Professor Emeritus of Chemistry & Science Studies
Dean Emeritus of Arts & Sciences
Virginia Polytechnic Institute & State University

Barber, B. (1961). Resistance by scientists to scientific discovery. Science, 134, 596–602.
Beaudette, C. G. (2000). Excess Heat: Why Cold Fusion Research Prevailed. Oak Grove Press; see review in Journal of Scientific Exploration, 15 (2001), 147–153.
Close, F. (1991). Too Hot to Handle: The Race for Cold Fusion.
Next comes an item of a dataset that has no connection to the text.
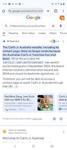Read moreI bought 2 burgers and in both of the burgers the meat patties were so cold it is like they just come out the fridge. I queried it with the waitress after the first bite and she did not know what to say. She said the patties are supposed to be hot and apologised. Did not offer to remake them or anything else. After looking into the kitchen it does not look like there is anywhere to cook them and you can not smell them cooking. It's like the patties are cooked elsewhere, frozen and microwaved to put on the burger. It's pretty impressive on your first visit to Carl's Jr. It is a little disappointing cause if the patties were hot it might actually be a good burger Received your reply Carl's Jr and tried the link you added. But due to Carl's Jr going into voluntary admission in 2024 that link no longer works. We visited 6/9/25...

Princeton University Press; see review in Journal of Scientific Exploration, 5 (1991), 267–270.
Hook, E. B. (Ed). (2002). Prematurity in Scientific Discovery: On Resistance and Neglect. University of California Press.
Huizenga, J. R. (1992). Cold Fusion: The Scientific Fiasco of the Century. University of Rochester Press; see review in Journal of Scientific Exploration, 6 (1992), 395–400.
Mallove, E. F. (1991). Fire from Ice: Searching for the Truth behind the Cold Fusion Furor. John Wiley & Sons; see review in Journal of Scientific Exploration, 6 (1992), 81–84.
Stent, G. (1972). Prematurity and uniqueness in scientific discovery. Scientific American, December, 84–93.
Taubes, G. (1993). Bad Science: The Short Life and Weird Times of Cold Fusion. Random House; see review in Journal of Scientific Exploration, 9 (1995), 301–307.